Anatomically, the vertebral artery was most vulnerable to injury at the isthmus of the pars or pedicle (where anatomic constraints were “tight”). Placement of a C2 pedicle or pars screw would have been unsafe in 21% of our patients. Due to the significant anatomical variability and risk in this area, the placement of a C2 pars screw should be individualized for each patient and side based on detailed pre–operative planning rather than prescribing set guidelines1,6 for the placement of C2 pars screws.

This study also points out a major advantage of the image–guided surgery planning station. Even if it is not used for intraoperative navigation, the system allows the surgeon to conveniently view a patient’s unique anatomy along any chosen pathway. This process facilitates surgical individualization in these technically demanding cases. This study also illustrates the utility of an image–guidance planning station as an anatomic research tool, obviating the need for cadaveric dissection.
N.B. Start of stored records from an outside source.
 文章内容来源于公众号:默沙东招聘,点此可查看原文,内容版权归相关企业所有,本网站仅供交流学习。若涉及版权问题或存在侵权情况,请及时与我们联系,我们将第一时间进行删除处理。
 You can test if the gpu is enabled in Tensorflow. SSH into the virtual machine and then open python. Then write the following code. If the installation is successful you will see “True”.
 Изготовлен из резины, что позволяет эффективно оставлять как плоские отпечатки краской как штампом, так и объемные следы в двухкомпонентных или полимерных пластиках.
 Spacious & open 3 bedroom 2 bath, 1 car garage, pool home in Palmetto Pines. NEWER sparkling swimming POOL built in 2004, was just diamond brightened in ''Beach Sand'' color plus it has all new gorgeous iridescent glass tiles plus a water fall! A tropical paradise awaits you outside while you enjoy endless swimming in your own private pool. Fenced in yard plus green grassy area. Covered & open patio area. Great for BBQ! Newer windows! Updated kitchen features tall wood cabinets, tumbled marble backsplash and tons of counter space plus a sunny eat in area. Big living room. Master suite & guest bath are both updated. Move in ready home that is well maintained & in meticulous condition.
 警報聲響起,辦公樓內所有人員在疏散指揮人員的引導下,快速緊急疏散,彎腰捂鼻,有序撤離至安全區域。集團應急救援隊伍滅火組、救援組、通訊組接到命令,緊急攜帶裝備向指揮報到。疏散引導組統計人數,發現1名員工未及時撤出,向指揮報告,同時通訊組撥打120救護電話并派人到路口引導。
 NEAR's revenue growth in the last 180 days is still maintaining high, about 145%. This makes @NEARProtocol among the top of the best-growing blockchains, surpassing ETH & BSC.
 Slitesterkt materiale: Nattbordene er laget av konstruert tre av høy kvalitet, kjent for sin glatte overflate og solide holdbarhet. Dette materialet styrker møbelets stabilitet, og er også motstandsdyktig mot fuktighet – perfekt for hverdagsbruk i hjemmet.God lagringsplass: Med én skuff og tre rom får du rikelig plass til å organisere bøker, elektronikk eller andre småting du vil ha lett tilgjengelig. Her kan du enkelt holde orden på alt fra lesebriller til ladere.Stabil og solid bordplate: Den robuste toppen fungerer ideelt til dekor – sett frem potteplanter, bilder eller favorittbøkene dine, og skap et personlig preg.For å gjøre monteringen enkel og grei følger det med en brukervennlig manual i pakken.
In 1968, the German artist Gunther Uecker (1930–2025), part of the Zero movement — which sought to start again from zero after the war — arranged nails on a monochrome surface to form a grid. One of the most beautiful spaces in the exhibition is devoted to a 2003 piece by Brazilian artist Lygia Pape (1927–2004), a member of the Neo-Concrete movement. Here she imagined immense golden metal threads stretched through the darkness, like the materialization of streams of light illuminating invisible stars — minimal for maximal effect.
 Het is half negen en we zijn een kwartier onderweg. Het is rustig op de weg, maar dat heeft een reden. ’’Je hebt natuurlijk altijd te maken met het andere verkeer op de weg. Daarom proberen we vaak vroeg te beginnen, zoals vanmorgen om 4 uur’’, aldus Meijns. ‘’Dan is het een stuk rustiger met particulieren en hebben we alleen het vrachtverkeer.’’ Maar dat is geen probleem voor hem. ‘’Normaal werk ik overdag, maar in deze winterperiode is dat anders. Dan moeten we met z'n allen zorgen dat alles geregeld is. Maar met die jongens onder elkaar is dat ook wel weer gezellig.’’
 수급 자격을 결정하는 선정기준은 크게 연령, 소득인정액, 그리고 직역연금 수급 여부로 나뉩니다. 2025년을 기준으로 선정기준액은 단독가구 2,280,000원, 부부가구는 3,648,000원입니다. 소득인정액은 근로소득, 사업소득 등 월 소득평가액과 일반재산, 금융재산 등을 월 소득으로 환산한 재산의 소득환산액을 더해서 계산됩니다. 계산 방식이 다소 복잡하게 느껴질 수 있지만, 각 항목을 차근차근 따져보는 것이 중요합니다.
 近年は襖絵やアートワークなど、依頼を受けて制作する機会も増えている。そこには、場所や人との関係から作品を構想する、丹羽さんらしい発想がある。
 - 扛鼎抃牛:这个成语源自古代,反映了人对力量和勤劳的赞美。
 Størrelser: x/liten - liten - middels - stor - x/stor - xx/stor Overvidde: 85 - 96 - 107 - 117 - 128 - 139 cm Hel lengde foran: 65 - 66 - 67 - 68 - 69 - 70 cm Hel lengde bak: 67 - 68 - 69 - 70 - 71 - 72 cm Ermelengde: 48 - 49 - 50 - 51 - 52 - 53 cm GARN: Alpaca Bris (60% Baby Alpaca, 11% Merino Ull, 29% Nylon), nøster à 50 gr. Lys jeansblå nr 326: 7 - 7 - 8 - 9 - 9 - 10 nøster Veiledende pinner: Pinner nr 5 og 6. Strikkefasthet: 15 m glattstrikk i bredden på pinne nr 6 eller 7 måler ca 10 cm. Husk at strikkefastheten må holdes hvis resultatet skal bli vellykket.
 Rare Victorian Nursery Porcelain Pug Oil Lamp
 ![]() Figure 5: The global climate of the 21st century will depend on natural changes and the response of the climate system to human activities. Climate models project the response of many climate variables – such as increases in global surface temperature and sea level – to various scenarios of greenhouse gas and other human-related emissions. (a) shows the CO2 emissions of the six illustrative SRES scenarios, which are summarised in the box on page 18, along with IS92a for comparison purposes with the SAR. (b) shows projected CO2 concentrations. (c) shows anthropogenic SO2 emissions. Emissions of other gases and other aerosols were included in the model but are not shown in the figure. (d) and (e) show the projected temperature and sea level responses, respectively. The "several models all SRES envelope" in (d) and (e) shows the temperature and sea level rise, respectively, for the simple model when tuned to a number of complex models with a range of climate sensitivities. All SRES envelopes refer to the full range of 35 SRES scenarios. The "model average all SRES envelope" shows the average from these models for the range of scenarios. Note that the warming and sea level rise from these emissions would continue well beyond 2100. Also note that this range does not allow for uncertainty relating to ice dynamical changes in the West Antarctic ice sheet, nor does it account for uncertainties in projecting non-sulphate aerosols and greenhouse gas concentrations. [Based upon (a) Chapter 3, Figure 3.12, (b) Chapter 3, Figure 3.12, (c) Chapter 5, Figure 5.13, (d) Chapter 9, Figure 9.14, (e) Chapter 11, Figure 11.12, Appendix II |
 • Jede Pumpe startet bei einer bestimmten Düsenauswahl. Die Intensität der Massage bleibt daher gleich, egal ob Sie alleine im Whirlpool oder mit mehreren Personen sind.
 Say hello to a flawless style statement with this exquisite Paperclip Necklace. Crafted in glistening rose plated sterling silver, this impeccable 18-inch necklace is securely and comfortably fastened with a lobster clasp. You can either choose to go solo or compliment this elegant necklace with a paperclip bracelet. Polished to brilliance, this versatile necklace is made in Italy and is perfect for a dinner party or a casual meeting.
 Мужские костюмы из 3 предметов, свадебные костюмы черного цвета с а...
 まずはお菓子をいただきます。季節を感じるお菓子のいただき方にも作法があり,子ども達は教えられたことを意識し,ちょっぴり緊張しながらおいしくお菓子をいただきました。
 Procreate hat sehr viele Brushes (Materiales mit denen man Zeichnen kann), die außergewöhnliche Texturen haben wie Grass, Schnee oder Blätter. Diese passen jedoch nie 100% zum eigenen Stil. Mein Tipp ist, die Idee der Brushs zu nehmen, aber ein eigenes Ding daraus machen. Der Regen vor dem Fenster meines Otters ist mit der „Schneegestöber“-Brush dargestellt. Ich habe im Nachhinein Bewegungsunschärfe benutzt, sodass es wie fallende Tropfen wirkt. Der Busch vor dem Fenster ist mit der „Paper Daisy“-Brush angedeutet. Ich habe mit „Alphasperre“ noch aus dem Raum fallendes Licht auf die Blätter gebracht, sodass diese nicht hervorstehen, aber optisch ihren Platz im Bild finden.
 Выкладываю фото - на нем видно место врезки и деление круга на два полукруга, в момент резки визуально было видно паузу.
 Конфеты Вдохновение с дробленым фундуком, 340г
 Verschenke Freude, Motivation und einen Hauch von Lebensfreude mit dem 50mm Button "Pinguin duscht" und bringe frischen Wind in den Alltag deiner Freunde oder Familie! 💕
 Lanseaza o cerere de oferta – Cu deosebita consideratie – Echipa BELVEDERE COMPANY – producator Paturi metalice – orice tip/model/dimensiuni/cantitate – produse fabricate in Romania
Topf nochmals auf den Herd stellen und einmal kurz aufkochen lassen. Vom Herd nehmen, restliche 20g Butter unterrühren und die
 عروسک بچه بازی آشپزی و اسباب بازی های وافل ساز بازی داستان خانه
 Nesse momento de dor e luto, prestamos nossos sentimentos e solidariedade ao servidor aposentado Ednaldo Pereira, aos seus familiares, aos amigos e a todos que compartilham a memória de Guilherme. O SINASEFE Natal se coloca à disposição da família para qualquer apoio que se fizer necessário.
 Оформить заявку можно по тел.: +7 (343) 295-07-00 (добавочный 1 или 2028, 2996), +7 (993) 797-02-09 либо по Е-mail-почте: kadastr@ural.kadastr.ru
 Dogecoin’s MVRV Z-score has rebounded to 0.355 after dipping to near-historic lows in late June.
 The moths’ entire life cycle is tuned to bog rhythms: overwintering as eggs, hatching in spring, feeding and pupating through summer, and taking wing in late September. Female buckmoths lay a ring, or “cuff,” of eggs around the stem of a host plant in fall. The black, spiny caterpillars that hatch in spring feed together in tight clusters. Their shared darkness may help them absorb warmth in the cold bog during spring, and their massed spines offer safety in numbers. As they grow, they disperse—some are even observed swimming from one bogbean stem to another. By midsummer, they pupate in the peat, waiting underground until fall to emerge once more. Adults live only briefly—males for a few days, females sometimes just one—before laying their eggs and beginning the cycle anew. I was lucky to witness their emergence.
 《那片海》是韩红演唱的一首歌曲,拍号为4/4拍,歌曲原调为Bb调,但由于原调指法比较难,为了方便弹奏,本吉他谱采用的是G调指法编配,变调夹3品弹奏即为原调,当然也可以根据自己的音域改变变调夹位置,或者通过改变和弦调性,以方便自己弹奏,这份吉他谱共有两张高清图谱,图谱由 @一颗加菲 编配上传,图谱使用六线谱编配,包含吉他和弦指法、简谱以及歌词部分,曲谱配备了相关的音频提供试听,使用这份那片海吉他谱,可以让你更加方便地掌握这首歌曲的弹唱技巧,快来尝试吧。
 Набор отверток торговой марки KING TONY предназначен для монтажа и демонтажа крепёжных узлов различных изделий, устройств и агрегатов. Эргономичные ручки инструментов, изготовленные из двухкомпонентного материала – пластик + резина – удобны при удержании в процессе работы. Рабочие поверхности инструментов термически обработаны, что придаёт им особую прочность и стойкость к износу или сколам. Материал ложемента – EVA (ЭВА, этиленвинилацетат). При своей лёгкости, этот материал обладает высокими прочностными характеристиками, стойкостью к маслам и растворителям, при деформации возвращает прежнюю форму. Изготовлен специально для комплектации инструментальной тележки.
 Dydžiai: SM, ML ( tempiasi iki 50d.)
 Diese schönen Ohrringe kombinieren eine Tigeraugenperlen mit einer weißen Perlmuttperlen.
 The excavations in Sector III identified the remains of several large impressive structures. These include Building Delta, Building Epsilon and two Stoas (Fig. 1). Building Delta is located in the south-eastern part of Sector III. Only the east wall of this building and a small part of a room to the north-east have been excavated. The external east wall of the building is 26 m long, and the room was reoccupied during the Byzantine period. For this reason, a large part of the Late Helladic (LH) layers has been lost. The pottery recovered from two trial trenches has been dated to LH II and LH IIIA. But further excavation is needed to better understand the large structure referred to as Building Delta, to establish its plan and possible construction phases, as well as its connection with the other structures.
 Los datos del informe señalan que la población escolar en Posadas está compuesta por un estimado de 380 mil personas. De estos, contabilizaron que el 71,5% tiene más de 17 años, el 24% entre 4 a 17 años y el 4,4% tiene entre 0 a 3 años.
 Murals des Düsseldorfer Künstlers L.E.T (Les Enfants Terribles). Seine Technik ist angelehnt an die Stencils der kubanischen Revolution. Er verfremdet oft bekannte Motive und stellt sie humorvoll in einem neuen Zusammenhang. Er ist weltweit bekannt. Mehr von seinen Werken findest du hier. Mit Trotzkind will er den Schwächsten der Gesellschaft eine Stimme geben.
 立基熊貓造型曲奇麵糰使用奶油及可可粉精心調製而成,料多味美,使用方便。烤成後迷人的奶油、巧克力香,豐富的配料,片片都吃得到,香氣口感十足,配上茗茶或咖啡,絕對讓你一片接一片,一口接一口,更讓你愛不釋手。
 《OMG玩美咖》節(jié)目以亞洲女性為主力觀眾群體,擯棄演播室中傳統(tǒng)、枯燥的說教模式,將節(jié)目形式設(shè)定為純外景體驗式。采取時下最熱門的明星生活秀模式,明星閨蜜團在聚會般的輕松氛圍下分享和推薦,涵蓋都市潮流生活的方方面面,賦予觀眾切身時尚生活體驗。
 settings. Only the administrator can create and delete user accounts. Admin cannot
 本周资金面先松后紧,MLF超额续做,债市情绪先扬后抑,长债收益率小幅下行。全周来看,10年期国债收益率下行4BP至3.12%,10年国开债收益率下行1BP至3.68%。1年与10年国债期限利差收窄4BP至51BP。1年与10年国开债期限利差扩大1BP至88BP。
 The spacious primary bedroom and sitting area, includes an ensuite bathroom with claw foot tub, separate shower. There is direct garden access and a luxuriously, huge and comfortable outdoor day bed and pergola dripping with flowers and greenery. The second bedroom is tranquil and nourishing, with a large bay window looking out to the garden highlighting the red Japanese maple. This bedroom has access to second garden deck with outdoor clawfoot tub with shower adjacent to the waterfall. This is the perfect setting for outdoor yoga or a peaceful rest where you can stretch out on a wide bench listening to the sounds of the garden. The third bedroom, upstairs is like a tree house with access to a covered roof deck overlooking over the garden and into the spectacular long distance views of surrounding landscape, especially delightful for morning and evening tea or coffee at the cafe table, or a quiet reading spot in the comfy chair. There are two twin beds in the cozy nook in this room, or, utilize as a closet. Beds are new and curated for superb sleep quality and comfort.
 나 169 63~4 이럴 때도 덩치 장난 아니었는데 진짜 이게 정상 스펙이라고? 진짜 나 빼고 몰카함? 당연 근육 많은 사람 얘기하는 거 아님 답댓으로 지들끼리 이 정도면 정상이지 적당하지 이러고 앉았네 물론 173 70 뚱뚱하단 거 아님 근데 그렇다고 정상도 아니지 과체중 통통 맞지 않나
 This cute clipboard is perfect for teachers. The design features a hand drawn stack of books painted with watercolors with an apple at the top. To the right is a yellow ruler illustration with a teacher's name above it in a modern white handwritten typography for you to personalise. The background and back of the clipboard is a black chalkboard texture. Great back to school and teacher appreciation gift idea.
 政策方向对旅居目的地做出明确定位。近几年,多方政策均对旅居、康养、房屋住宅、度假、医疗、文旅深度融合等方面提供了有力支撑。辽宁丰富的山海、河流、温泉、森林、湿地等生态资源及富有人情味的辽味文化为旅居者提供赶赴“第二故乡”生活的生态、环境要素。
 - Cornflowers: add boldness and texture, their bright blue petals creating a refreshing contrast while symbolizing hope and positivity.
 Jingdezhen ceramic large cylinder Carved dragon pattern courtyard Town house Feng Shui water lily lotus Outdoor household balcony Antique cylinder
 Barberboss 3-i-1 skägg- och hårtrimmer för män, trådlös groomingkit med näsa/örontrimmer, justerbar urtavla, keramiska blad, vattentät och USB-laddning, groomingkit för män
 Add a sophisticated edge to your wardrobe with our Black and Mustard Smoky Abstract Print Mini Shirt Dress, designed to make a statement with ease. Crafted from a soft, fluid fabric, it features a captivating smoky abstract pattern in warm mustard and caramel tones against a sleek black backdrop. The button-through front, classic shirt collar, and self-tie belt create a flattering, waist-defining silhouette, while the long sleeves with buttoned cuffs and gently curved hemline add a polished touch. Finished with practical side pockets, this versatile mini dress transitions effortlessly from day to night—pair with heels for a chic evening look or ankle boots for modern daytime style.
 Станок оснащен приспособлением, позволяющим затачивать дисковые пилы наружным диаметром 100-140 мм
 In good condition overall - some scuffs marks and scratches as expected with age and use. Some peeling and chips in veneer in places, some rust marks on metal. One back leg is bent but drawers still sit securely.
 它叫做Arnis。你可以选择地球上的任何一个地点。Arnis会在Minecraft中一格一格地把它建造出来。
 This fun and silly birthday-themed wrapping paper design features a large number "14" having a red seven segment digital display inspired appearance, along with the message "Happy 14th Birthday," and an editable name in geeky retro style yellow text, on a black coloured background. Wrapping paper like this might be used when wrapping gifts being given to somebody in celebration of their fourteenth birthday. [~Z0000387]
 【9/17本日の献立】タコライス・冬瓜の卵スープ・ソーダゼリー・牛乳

Based on our findings, the C2 pars screw has a much more accessible entry point that conforms with current instrumentation systems and techniques as compared to the C2 pedicle screw. The C2 pedicle has a superior and lateral entry point that is very close to the vertebral artery and requires additional exposure as well as percutaneous drill and screw placement to achieve the medial trajectory required. This point of entry does not conform with most occipital or subaxial fixation systems.

Conclusions

  • The C2 pedicle and pars are anatomically and surgically distinct structures.
  • Screw placement into either places the vertebral artery at risk.
  • The C2 pars screw is technically a much easier alternative.
  • This study also demonstrates the importance of detailed pre–operative planning for any type of C2 dorsal screw fixation.

References

1. An H, Gordin R, Renner K. Anatomic considerations for plate–screw fixation of the cervical spine. Spine 1991; 16(10 Suppl):S548–551

2. Ebraheim N, Rollins J, Xu R, Jackson W. Anatomic consideration of C2 pedicle screw placement. Spine 1996;21(6):691– 695.

3. Foley K, Silveri C, Shah S, Garfin S, Vaccaro A. Atlantoaxial transarticular screw fixation: risk assessment and bone morphology using an image guidance system. Spine 1998. In press.

4. Karaikovic E, Daubs M, Madsen R, Gaines R. Morphologic characteristics of human cervical pedicles. Spine 1997;22(5):493–500.

5. Panjabi M, Duranceau J, Goel V, Oxland T, Takata K. Cervical human vertebrae: quantitative three–dimensional anatomy of the middle and lower regions. Spine 1991;16(8 Suppl):S861–869.

6. Roy–Camille RR, Sailant G, Mazel C. Internal fixation of the unstable cervical spine by posterior osteosynthesis with plate and screws. In Cervical Spine Research Society (ed). The Cervical Spine Ed 2. Philadelphia, JB Lippincott, 1989, pp.390–404.

7. Xu R, Nadaud M, Ebraheim N, Yeasting R. Morphology of the second cervical vertebra and the posterior projection of the C2 pedicle axis. Spine 1995;20(3):259–263.